None of these diagnosis are evident—that is, one doesn't define the rearrangement of PGFR alpha or beta, FGFR1, or JAK2, or one can identify a WHO-defined myeloid neoplasm associated with eosinophilia, such as MDS or mastocytosis or another MPN or MDS/MPN overlap. Or, we don't find a chronic eosinophilic leukemia that is increased blasts or cytogenetic abnormalities. We're left with a diagnosis of idiopathic hypereosinophilic syndrome.
These are patients that have durable eosinophilia and not a chromal cytogenetic or molecular abnormality. We have found recently that this appears to be a shrinking pool of patients, because when next-generation sequencing or standard karyotyping is applied, more and more of these patients are found to have molecular or cytogenetic abnormalities and are therefore redefined as some form of chronic eosinophilic leukemia.
These are patients that have traditionally been treated with corticosteroids as first-line therapy, or hydroxyurea. There are data, usually based on case series, of using interferon or [PEG]-interferon-alpha, and in such instances there are patients that are able to achieve cytogenetic remissions, hematologic remissions, and actually reversion—in some cases, organ damage. Alternatively, imatinib has been used on an off-label basis. Compassionate use antibody mepolizumab, or transplant, and, of course, a clinical trial option.
This is data from the MD Anderson group, specifically Wang and colleagues. Actually it’s a study of this issue of interrogating patients with HES to see whether they have mutations in one or more myeloid genes that have been found in other neoplasms. In fact, some 28% of the patients with HES were found to have one or more myeloid mutations, which then reclassifies these patients as a chronic eosinophilic leukemia.
In a study with a look at the long-term survival of the HES patients, those that had myeloid mutations actually did worse compared to those that didn't have any mutations. In turn, those that had mutations had a long-term prognosis that was similar to those of patients with chronic eosinophilic leukemia, which generally again is relatively poor.
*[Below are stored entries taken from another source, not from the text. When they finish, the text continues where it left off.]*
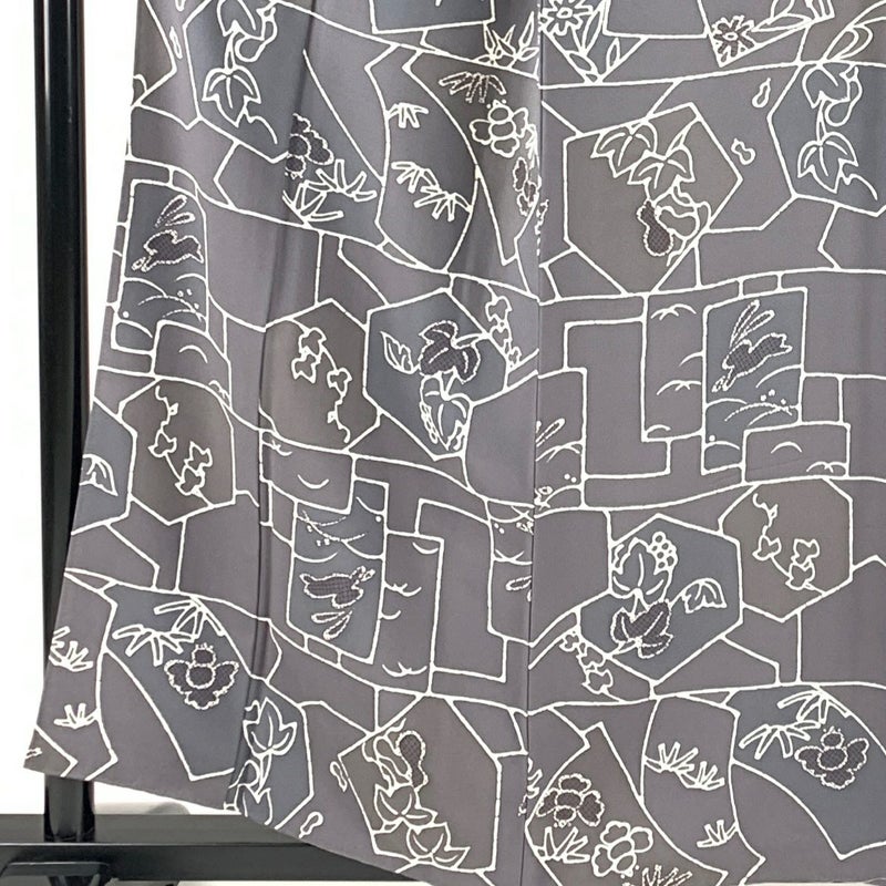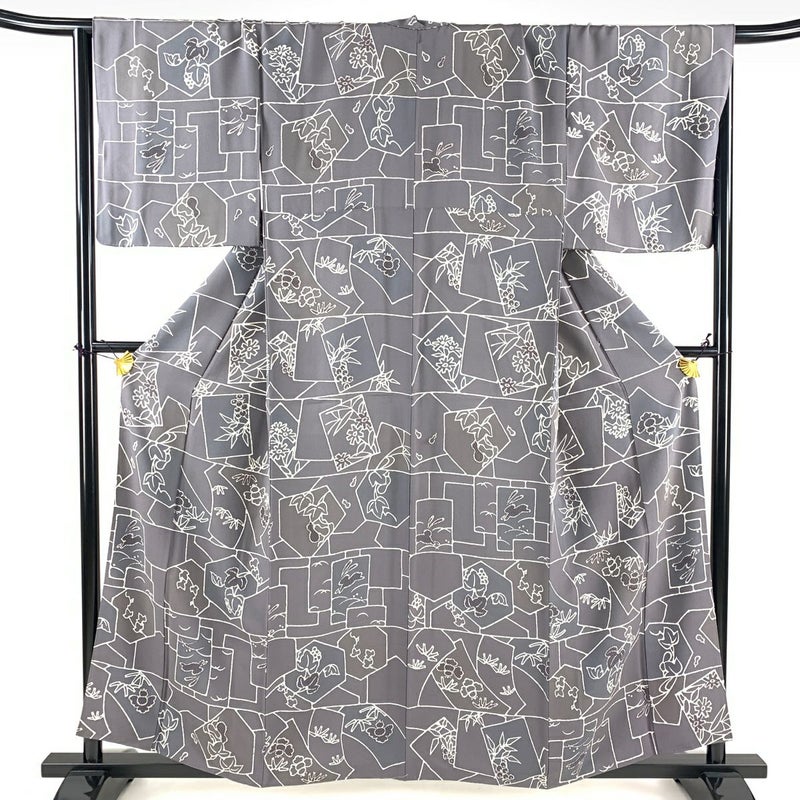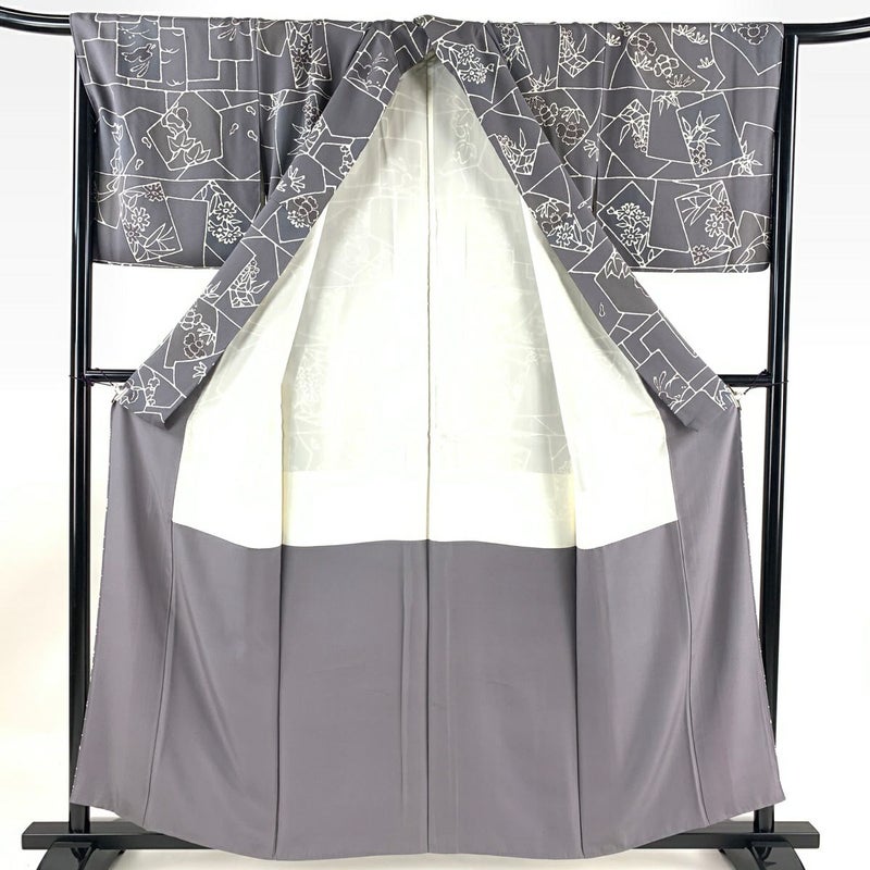 【小紋】 灰色系 灰紫 名品 B 約150cm~約159cm 裄丈67cm-68cm (L)size 袖丈47cm -3980 二万以下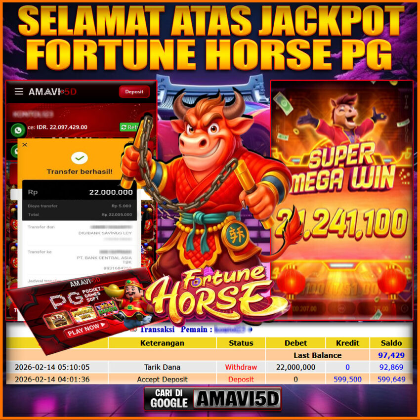 AMAVI5D JACKPOT SLOT FORTUNE HORSE PG Rp22,000.000 – SABTU, 14 FEBRUARI 2026 Selamat kepada User id : RARA***11 Telah berhasil mendapatkan kemenangan besar pada permainan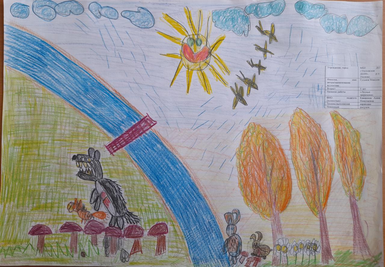 | 54 | Гуськов Максим | В обработке | "Лесные зверюшки" | Рисунок | Каманина Анна Николаевна | Принята | Фотография работы |
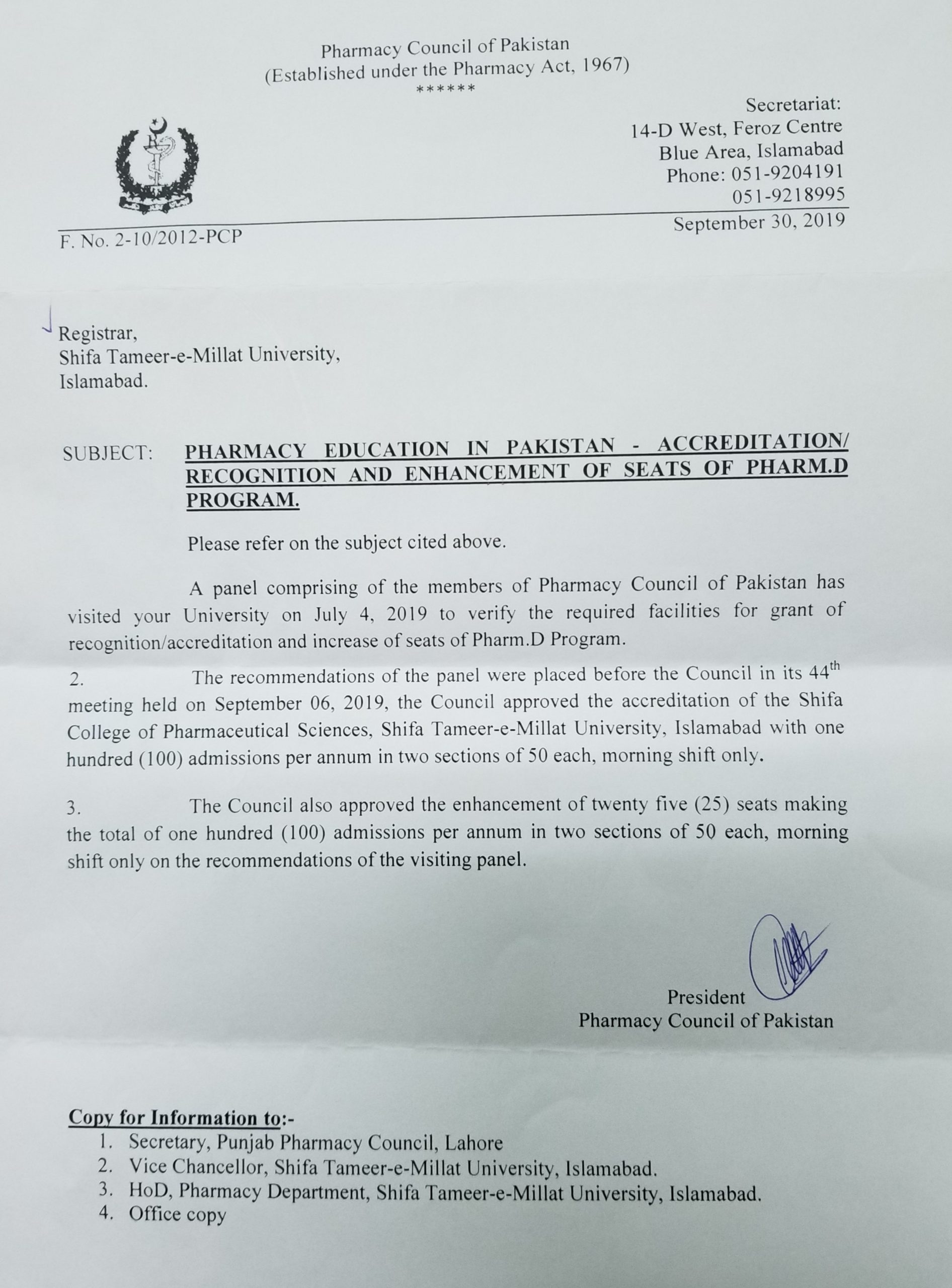 The Doctor of Pharmacy (Pharm.D.) program offered at Shifa Tameer-e-Millat University (STMU) through Shifa College of Pharmaceutical Sciences (SCPS) has been accredited by the Pharmacy Council of Pakistan (PCP). The PCP concerning itself with the quality assurance and quality enhancement, looked at curriculum, faculty, assessment system, lab facilities, clinical/ attachment facilities, and overall teaching & learning environment. The PCP using both quantitative and qualitative parameters found quality of Pharm. D. program being offered at SCPS beyond minimum requirements/ expectations of different accreditation standards and encouraged the management for continued improvement thereof.

Just to summarize the issue of eosinophilic MPNs, in this age we believe that standard karyotyping and targeting molecular profiling are critical to identifying the subtype of eosinophilic neoplasm. Eosinophilia is a very common but not invariable feature of rearrangements involving PDGFR alpha or beta, FGFR1, or JAK2.
The prognosis of these disorders really depends on the specific rearrangement and required consideration of TKIs (that, is tyrosine kinase inhibitors), which are very useful for PDGFR alpha- and beta-rearranged disease, but not particularly useful for patients with the FGFR1 or JAK2 rearrangements. These are patients where TKIs can be used, I think, as a bridge to ultimately what is needed and that is transplant.
Finally, next-generation myeloid panels, or exome sequencing, may be very useful for implicating genes that reclassify patients with HES to more or a chronic eosinophilic leukemia. Finding such mutations may in some cases provide opportunities for targeted therapy and give a better idea of prognosis.
Thank you very much for listening to this presentation regarding eosinophilic MPNs, biology, and targeting therapy.